TASK DIRECTIONS: Omitting all images, set down every line below exactly as it appears.

SUPPLIED DATA:
----------------------------------------
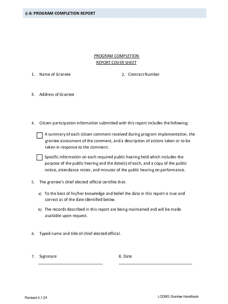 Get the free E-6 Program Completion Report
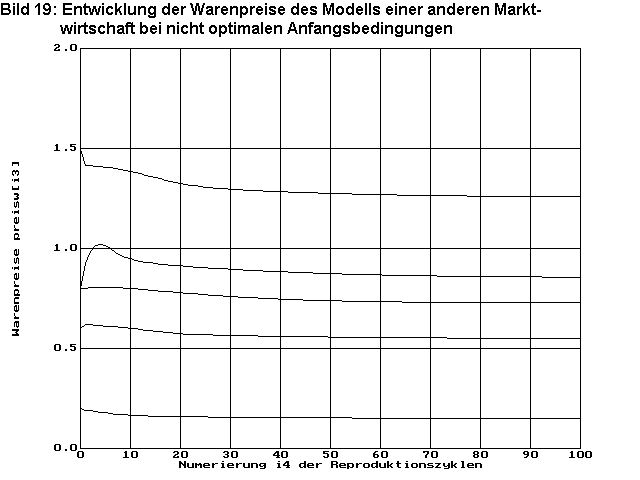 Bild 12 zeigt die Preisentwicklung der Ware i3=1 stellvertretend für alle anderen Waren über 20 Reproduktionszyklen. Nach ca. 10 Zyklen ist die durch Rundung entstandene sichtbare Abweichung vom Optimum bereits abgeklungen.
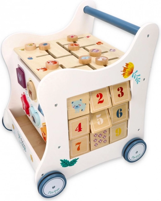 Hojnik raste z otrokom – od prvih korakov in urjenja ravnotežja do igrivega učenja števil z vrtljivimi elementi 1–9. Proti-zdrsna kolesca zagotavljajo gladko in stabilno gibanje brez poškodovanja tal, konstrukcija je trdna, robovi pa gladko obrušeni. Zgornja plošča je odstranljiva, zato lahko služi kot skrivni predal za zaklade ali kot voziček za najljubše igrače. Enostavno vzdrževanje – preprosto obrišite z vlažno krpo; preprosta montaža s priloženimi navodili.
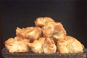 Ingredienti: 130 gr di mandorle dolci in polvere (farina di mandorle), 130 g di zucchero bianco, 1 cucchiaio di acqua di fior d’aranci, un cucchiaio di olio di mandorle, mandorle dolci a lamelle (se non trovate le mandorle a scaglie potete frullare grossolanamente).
----------------------------------------
RESPONSE TO THIS EXERCISE:
 Get the free E-6 Program Completion Report
 Bild 12 zeigt die Preisentwicklung der Ware i3=1 stellvertretend für alle anderen Waren über 20 Reproduktionszyklen. Nach ca. 10 Zyklen ist die durch Rundung entstandene sichtbare Abweichung vom Optimum bereits abgeklungen.
 Hojnik raste z otrokom – od prvih korakov in urjenja ravnotežja do igrivega učenja števil z vrtljivimi elementi 1–9. Proti-zdrsna kolesca zagotavljajo gladko in stabilno gibanje brez poškodovanja tal, konstrukcija je trdna, robovi pa gladko obrušeni. Zgornja plošča je odstranljiva, zato lahko služi kot skrivni predal za zaklade ali kot voziček za najljubše igrače. Enostavno vzdrževanje – preprosto obrišite z vlažno krpo; preprosta montaža s priloženimi navodili.
 Ingredienti: 130 gr di mandorle dolci in polvere (farina di mandorle), 130 g di zucchero bianco, 1 cucchiaio di acqua di fior d’aranci, un cucchiaio di olio di mandorle, mandorle dolci a lamelle (se non trovate le mandorle a scaglie potete frullare grossolanamente).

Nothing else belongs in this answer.